Some people affected by a genetic condition choose to use a reproductive medicine technique so that they can have a child without the condition. Neurofibromatosis type 1 (NF1) is an autosomal dominant, fully penetrant condition with marked variation in expressivity. In this issue, the Dutch experience of Preimplantation Genetic Testing (PGT) for NF1 is reported [6]. Complications of in vitro fertilisation (IVF) were not more frequent in women with NF1 than in women without NF1. A pregnancy rate of 24% per cycle was reported, comparable with other autosomal dominant conditions. Bettinaglio studied genomic factors that may explain why some people with NF1 have predominantly spinal involvement, this may aid clinical counselling in future [7].
Direct to consumer (DTC) genetic testing remains controversial. Many clinicians view DTC results with caution, and not equivalent to clinical laboratory testing. Ruehl et al. used an online survey to assess people’s interest in, and expectations of, DTC before and after exposure to sample DTC disclaimer notices [8]. They found that people with greater self-reported genetics knowledge read the DTC disclaimer notice more closely. However, there was no association between how deeply the DTC disclaimers were processed and the expectancies of what DTC could tell people. The effectiveness and appropriateness of DTC disclaimers requires further study.

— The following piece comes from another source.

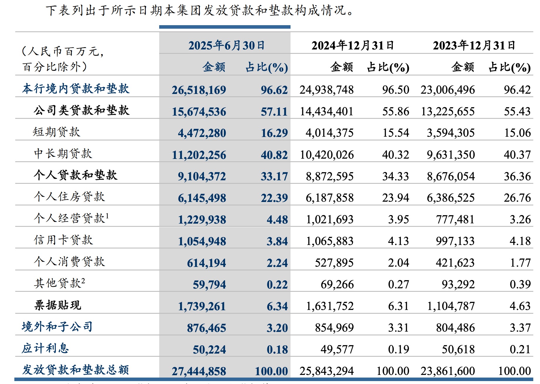 其中,個人住房貸款6.15萬億元,較上年末降幅0.68%;個人經營貸款1.23 萬億元,較上年末增幅20.38%;個人消費貸款6,141.94億元,較上年末增幅 16.35%。

Genetic testing can play an important role in helping people understand their risk of cancer. Henkel et al. used a 123 gene cancer panel to sequence 6941 German people with breast or ovarian cancer [9]. They refined this to a core 14 gene panel for breast and ovarian cancer. This core panel would identify a monogenic cause in 10% of patients, the expanded 123 gene panel only diagnosed an additional 1% of patients and very significantly increased the workload associated with variants of uncertain significance. Of course, environmental risk factors play an important role in carcinogenesis. Maina et al. report a mendelian randomisation study examining the role of different types of obesity in pancreatic cancer [10].
Does Clinical Genetics have a role in palliative medicine? It is possible that people nearing the end of life with genetic causes of cancer or neurological conditions might undertake genetic testing to try and inform the healthcare of their relatives. Undertaking genetic testing in this setting was reported as challenging, as it may not be perceived to be relevant but that it was important to consider the benefits to the family [11].
References
Crellin E, Martyn M, Mcclaren B, Gaff C. What matters to parents? A scoping review of parents’ service experiences and needs regarding genetic testing for rare diseases. Eur J Hum Genet. 2023. https://doi.org/10.1038/s41431-023-01376-y.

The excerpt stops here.